The context for this question is my answer to this question on the inverse function theorem. I'll try to replicate as much of the necessary information as possible:
Let $E$ and $F$ be real Banach spaces, $f: E \to F$ be a $C^k$ map ($k \geq 1$), let $T:E \to F$ be a linear isomorphism of Banach spaces (so it is continuous with continuous inverse). Define a map $g: E \to E$ by \begin{equation} g = T^{-1} \circ f \end{equation} So $g$ is also $C^k$. Suppose now that there are open subsets $U$ and $W$ of $E$ such that the restricted map $g:U \to W$ is invertible with $C^k$ inverse $g^{-1}: W \to U$. Now, define $V = f[U]$. In my answer to the question, I implictly assumed that $V$ is an open subset of $F$.

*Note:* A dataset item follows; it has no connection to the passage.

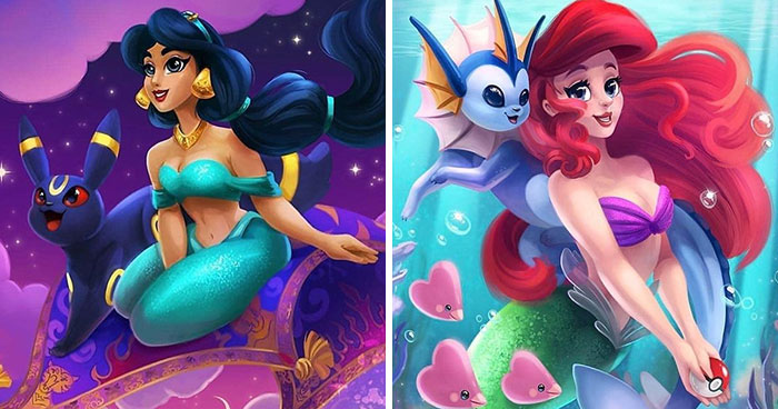 But what if suddenly princesses switched their iconic companions for something that is outside of their corresponding fictitious realities? With that idea in mind, Eric Proctor, better known as TsaoShin on social media channels, created a new art series where he imagined nine of the Disney princesses forming friendships with… different kinds of Eevee evolutions!

I thought I understood why $V$ is open, but later when I tried to write down a proper proof, I got confused. My initial approach was to note that $f = T \circ g$, so it is "almost" a composition of homeomorphisms, and hence an open map. However this is flawed reasoning because $g$ isn't a homeomorphism. Rather, it is the associated restricted map $\gamma: U \to W$, defined by $\gamma(x) = g(x)$ which is a homeomorphism, where we use the subset topology (now I explicitly use a different letter to emphasise that the domain and target spaces are different). This difference in domain and target spaces is confusing me.
So my question is how can one prove that the set $V$ defined above is open relative to $F$? It would be very much appreciated if you could spell out any details/subtleties regarding the domain/codomain. Also, I think this is mostly a topological problem, so the linear structure of the spaces $E,F$ and the map $T$ are mostly irrelevant. As such if there is a proof using only the topological properties of the spaces/maps, I'd like to see that (but I'm not very adept at topology, so please keep the answers elementary).
Note that $g(U)=W$ which is hidden in the "restriction" condition and so
$$V=f(U)=T(g(U))=T(W)$$
And since $T$ is a homeomorphism then $V$ is open since $W$ is.